We used to filet entire fish, salmon, snapper, cod, flounder and with an ordinary set of needle nose pliers, each filet would then be inspected for any bones/spines. With the needle nose pliers we would feel for any bones and pluck them out. Surely we need a "food safe" tool instead of something we got at home depot. :rolleyes:

i dunno, dont most tools like that have wd40 all over them and lead in the metals etc...isnt the type of equipment and dishware in a commercial kitchen regulated/nsf approved
 

NetWareHead

THAT guy
Aug 10, 2002
5,847
154
106
i dunno, dont most tools like that have wd40 all over them and lead in the metals etc...isnt the type of equipment and dishware in a commercial kitchen regulated/nsf approved

The drill bit is the only part that touches the apples and can be easily sanitized with soap and water.

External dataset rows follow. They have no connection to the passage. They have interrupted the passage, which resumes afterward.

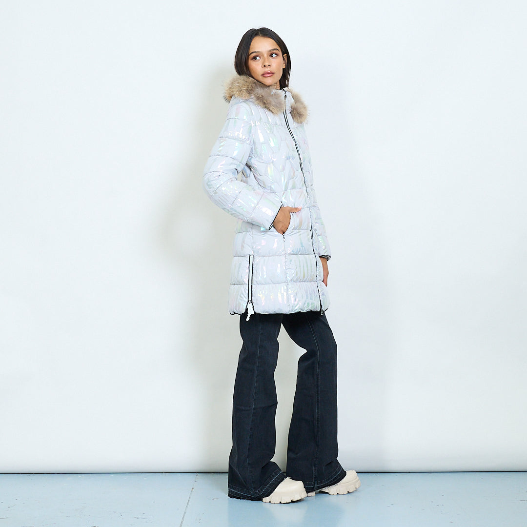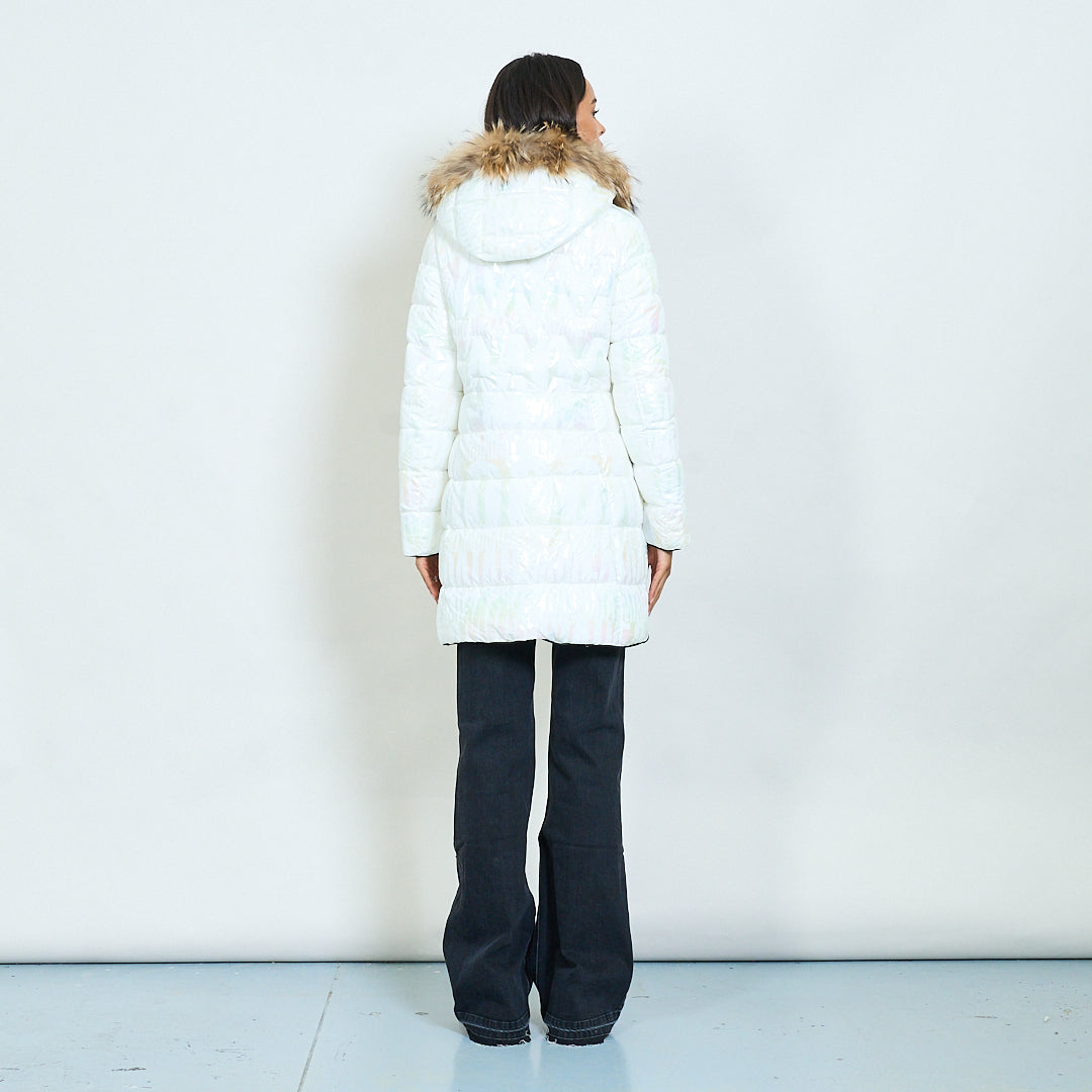 Iriserende gewatteerde laag met faux bontkapgroothandel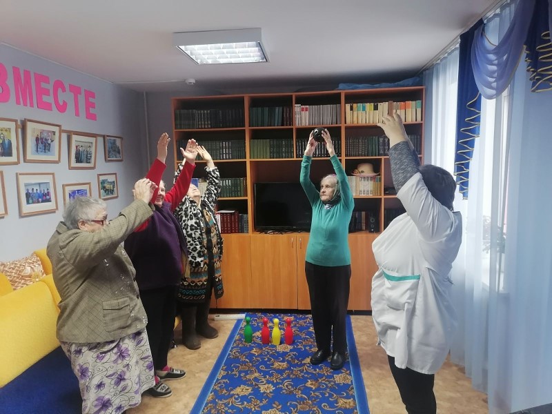 В отделении «Специализированный жилой дом для граждан пожилого возраста и иинвалидов» состоялся фитнес- час «На зарядку становись», где фельдшер отделения Беляева М.И. познакомила пожилых людей с дыхательной гимнастикой А.Н.Стрельниковой и провела комплекс упражнений. Дыхательная гимнастика А.Н.Стрельниковой перестраивает стереотип дыхательных движений, восстанавливает не только сократительную способность и пластичность мышц, участвующих в дыхании и фонации, но и укрепляет весь опорно-двигательный аппарат в целом. Упражнения Стрельниковской дыхательной гимнастики, активно включая в работу все части тела - руки, ноги, голову, тазовый пояс, брюшной пресс, плечевой пояс и т.д., снижают мышечный гипертонус, ликвидируют различные неврозы, оздоравливают психику.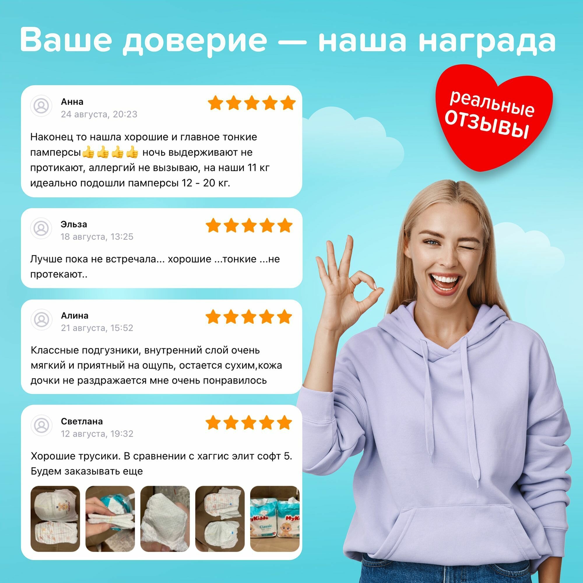 Детские трусики подгузники для новорожденных позволят сохранить чистоту и комфорт в любой ситуации. Дышащие японские подгузники 0 для новорожденных подходят с первых дней жизни ребенка, они окутывают кожу младенца, предотвращая опрелости и раздражения. Выбирая детские товары для новорожденных в первую очередь важно качество, именно наши премиум premium тонкие подгузники трусики для девочек и мальчиков имеют анатомическую форму, позволяют наслаждаться каждым движением и не вызывают дискомфорт. Ультратонкие стильные одноразовые трусы подгузники для младенцев позволяют всю ночь спать крепким сном младенца, это идеальные ночные трусики подгузники с удобными оборками на ножках и эластичной резинкой, которая не сдавливает животик. Трусики для детей могут удерживать влагу и неприятный запах, внутренний слой не дает жидкости вытекать или соприкасаться с кожей. Широкий выбор размеров маленьких турсиков включает в себя линейку товаров для малыша до года от нескольких кг размера 2 - s, 4 – m на годик, до подгузников 5 – xl , 6 - xxl размера возраста нескольких лет. Труски производства Япония незаметны под одеждой, они стерильнее и эффективнее многоразовых аналогов, ведь после использования подгузники трусики 5 биоразлагаются. Трусв имеют специальную ленту для удобной утилизации, а индикатор влажности покажет, когда подгузникитрусики наполнили и их пора поменять. Идеальное начало приучения малышей к горшку, ведь благодаря современным элементам родители смогут отследить каждый поход ребенка в туалет. Товары для новорожденных мальчиков и девочек пригождаются днем и ночью, даже при ходьбе в подгузнике целые сутки нежная кожа младенца будет гладкой и шелковистой. Большая коробка бокс включает в себя месячный запас в количестве ___ штук, а длительный срок годности позволяет приобретать полгузники с запасом. Для вас только лучшие детские товары для новорожденных, чтобы каждый день младенца был приятным, радостным и максимально комфортным. Для заботливых родителей мы всегда создаем приятные условия низких цен, скидки, распродажи и выгодные цены по акциям. Подгузники являются одним из самых необходимых товаров для малыша, это приятное дополнение к подарку на день рождения, на выписку из роддома и просто так в помощь новоиспеченным родителям новорожденного малыша. Из нескольких штук упаковок можно составить нужный и полезный набор «мне 1 годик», и порадовать находчивостью и заботой.

The fish bone plucking pliers are stainless steel and after use, they get dunked in hot soapy water and hung up to dry. A few drops of food grade mineral oil to lube the joint in the middle and all done.

Even in your spackling knife example, soap and water cleans it right up and then you can use the clean knife to scrape the chopping block if need be. Re the drill, if we use a tool like that it is not a drill out of a mechanic's garage for instance all covered in motor oil or WD-40. Would the NSF approve of a drill like that in a commercial kitchen? Probably not, but I'm not sure. But when you have hundreds of apples to peel you improvise and do your best to follow food safety guidelines. My point is that you can use a drill like that and not threaten the safety of your customers.